Phase angle also significantly increased in men and women following Nordic walking. This parameter is associated with increased strength and alterations in cellular membrane integrity or body fluid.

“So,” researchers explained, “NW could be considered a “protective” activity for the aging process.”16 An added benefit to Nordic walking is that it’s traditionally done outdoors, adding in the benefits of nature and green space to your workout while providing opportunities for socialization. Writing in the International Journal of Environmental Research and Public Health, researchers noted:17

“NW could answer two human needs: the importance of the use of green urban space and the possibility to easily perform physical activity. It is an easy kind of physical activity that could be done by anyone and everywhere in the green urban space. Even if it is usually used for a specific kind of population or for rehabilitation in chronic disease, NW also has a lot of potential benefits for the general population.

From the results of our study, we can see that NW increases resistance and lower body strength and also influences the changes in body composition. The popularity of this sport is increasing … It would be important to encourage its practice not only to older people but also to younger people because it is an easy sport that anyone could practice anywhere they want.”

How to Get Started With Nordic Walking

To get started with Nordic walking, you’ll need to choose poles, which come in different models depending on your needs. Poles come in telescoping varieties, which are “one-size-fits-all” and easy to transport, as well as in one piece, which tend to be stronger and lighter but must be fitted to the correct size.

Different tips are also available, including rubber tips, which work best on pavement, and metal tips, which provide traction if you’ll be walking on grass, dirt or uneven terrain.18

A newer form of Nordic walking uses poles that have an integrated resistance shock absorber, which is designed to increase the load on the upper body via resistance. Using these types of poles requires additional work from your upper limbs and therefore increases the overall intensity of the exercise.19 This may lead to even greater fitness gains, particularly for metabolic health,20 but the increased intensity must be taken into account.

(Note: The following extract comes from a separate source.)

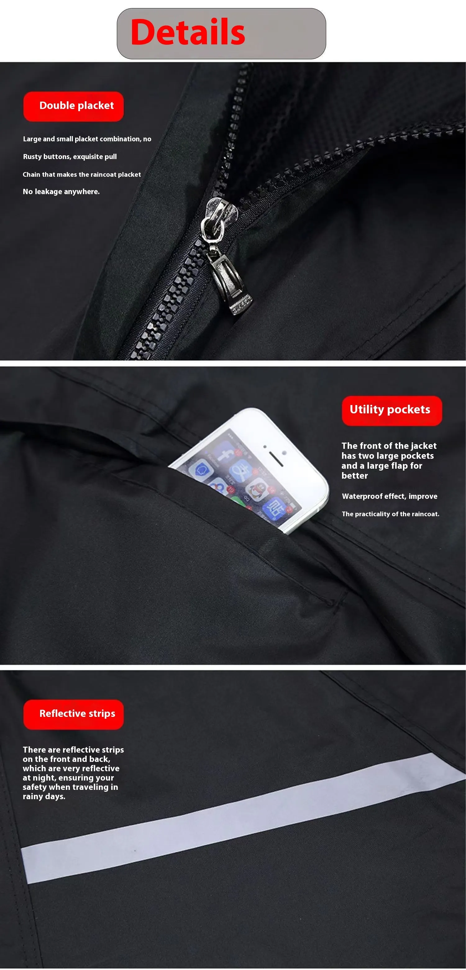 The raincoat's lightweight, breathable design ensures that you stay comfortable and well-ventilated, even during long motorcycle rides in rainy weather.

There is some technique involved in learning to Nordic walk, using a movement similar to cross country skiing. Your arm movement will determine your stride, with longer pole thrusts leading to a longer stride.

You should avoid holding the poles too tightly, and move them in opposition to your legs — moving your left arm and right foot at the same time, for example. Your elbow should be at a 90-degree angle with the poles at your side. You can check your form this way, according to the American Nordic Walking Association:21

“Strap on the poles if you haven’t already and let them drag behind you at about a 45-degree angle as you walk. Once the angle feels correct, grip the poles again and plant them on the ground instead of dragging them. You’ll still plant at that same 45-degree angle backward, with your elbows close to your body and your arms straight and relaxed.

As you get comfortable with planting, add pushing. Push the poles through each step, applying more pressure to your plant (the feeling is like “launching” or “boosting” yourself with each step). You’ll feel force on the strap. As you perfect your stride, focus on rolling from your heels to your toes on each step and pushing off with a fuller swing of the arms for a better benefit from your workout.”

If you’re just getting started, you may find that adjustable poles are easier to use in the beginning, however once you have your poles, most people can get started right away. As you progress, you can experiment with different techniques, including double poling, which involves planting both poles in front of you, walking three steps, then repeating.22 You can also vary your working by Nordic walking up and downhill and using striding, skating and jogging motions.23

Various classes are available should you desire more formal training into the varying Nordic walking techniques and, remember, that for optimal fitness results, your workouts should include a variety of both nonexercise and exercise movement, including aerobic, resistance training and stretching activities.